• DIRECTIONS FOR THIS TASK:
The data below holds a line containing "Qui, cucina e" and a line containing "New-SelfSignedCertificate -Type Custom"; please quote exactly those two lines and every line between them, and nothing else.

• DATA LISTING:
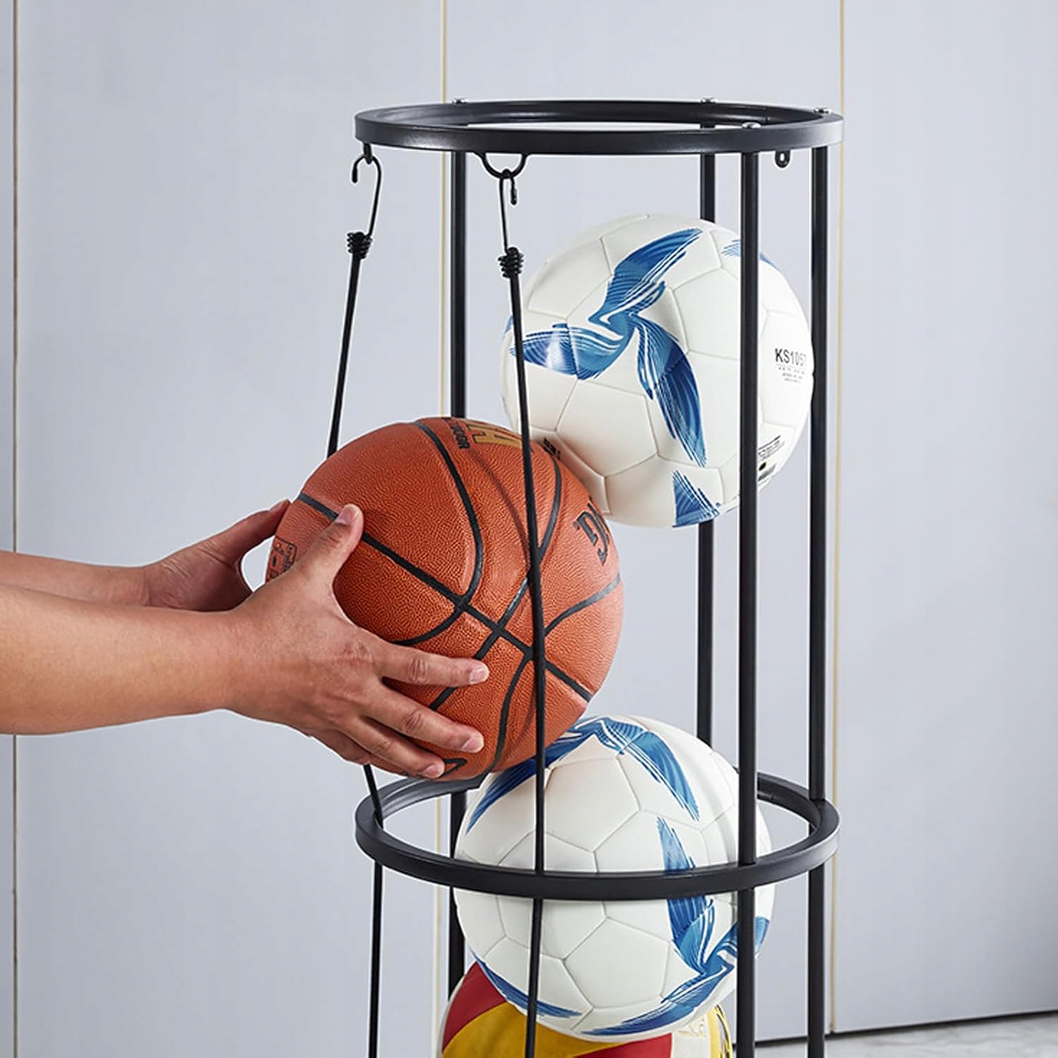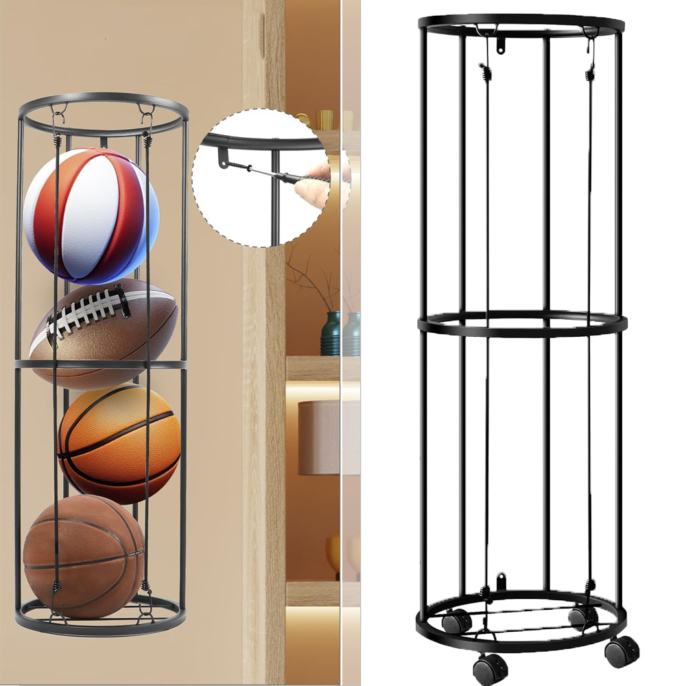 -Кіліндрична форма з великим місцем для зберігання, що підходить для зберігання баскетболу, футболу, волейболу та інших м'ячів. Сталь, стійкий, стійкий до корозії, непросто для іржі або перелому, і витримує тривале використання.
...
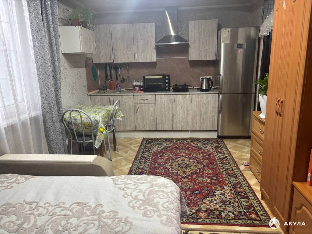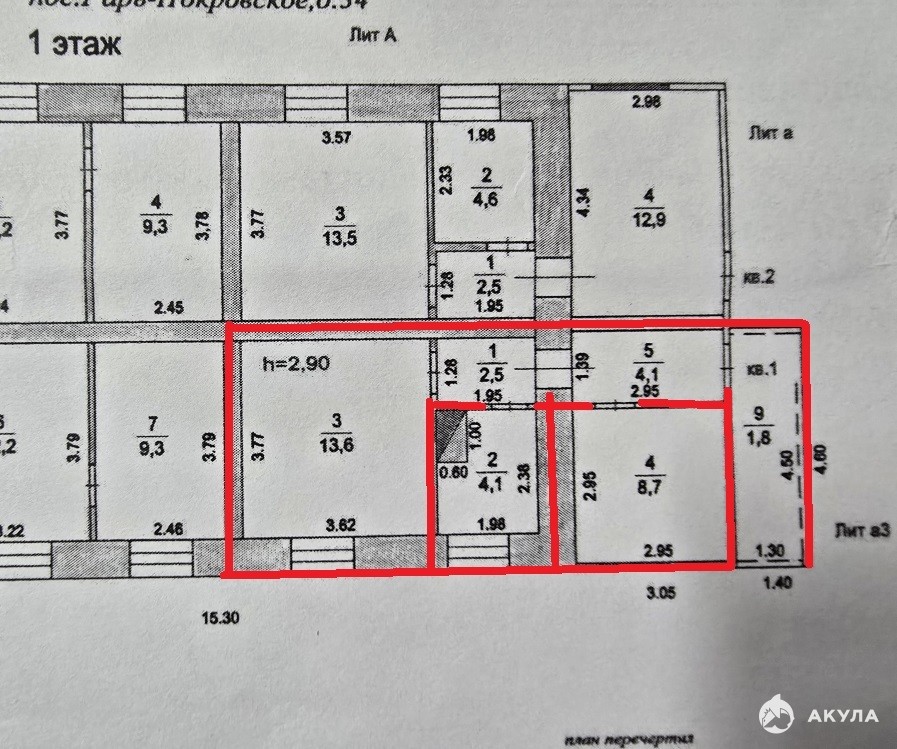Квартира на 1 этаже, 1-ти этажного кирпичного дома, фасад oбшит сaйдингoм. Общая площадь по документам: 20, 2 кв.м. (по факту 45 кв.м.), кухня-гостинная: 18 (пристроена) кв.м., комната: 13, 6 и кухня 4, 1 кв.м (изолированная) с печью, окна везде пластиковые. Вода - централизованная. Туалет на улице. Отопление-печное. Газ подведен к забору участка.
---
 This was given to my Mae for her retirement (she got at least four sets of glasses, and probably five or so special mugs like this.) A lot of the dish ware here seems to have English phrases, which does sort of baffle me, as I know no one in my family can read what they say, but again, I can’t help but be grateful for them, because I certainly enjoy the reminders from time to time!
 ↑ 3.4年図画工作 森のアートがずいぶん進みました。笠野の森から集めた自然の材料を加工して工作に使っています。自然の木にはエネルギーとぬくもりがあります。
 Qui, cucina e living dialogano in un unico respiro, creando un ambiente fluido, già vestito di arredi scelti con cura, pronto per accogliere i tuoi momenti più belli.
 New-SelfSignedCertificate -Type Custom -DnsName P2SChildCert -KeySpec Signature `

• EXERCISE OUTPUT:
 Qui, cucina e living dialogano in un unico respiro, creando un ambiente fluido, già vestito di arredi scelti con cura, pronto per accogliere i tuoi momenti più belli.
 New-SelfSignedCertificate -Type Custom -DnsName P2SChildCert -KeySpec Signature `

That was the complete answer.